*Exercise details*. Reproduce exactly the lines below from the one containing "今天上午9點,距離正式開拍還" through the one containing "Supersöt vit blus", including both, and nothing else.

Start of Provided data

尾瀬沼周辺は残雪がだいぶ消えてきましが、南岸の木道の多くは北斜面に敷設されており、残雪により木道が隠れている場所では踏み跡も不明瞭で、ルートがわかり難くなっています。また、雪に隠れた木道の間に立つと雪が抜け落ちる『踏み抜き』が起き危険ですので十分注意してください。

End of Provided data
Start of Provided data

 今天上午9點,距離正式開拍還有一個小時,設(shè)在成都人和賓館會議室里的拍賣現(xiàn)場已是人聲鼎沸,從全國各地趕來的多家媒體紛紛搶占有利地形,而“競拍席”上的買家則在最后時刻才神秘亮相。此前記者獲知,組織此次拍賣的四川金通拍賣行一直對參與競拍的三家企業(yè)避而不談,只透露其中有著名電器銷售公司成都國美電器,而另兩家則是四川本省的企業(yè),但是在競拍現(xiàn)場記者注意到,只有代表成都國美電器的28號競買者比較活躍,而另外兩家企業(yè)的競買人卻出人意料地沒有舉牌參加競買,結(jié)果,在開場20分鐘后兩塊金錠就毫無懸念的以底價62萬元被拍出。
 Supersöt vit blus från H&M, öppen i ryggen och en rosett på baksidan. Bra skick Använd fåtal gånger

End of Provided data
Start of Provided data

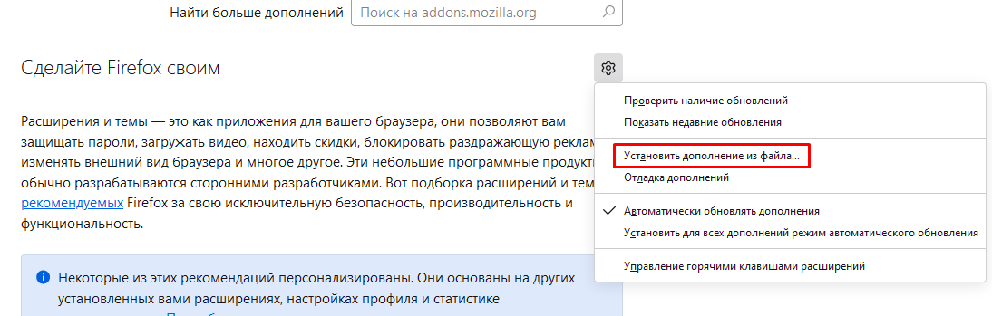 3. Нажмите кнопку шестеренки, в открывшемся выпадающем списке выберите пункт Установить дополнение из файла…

End of Provided data

*Solution to this task*.
 今天上午9點,距離正式開拍還有一個小時,設(shè)在成都人和賓館會議室里的拍賣現(xiàn)場已是人聲鼎沸,從全國各地趕來的多家媒體紛紛搶占有利地形,而“競拍席”上的買家則在最后時刻才神秘亮相。此前記者獲知,組織此次拍賣的四川金通拍賣行一直對參與競拍的三家企業(yè)避而不談,只透露其中有著名電器銷售公司成都國美電器,而另兩家則是四川本省的企業(yè),但是在競拍現(xiàn)場記者注意到,只有代表成都國美電器的28號競買者比較活躍,而另外兩家企業(yè)的競買人卻出人意料地沒有舉牌參加競買,結(jié)果,在開場20分鐘后兩塊金錠就毫無懸念的以底價62萬元被拍出。
 Supersöt vit blus från H&M, öppen i ryggen och en rosett på baksidan. Bra skick Använd fåtal gånger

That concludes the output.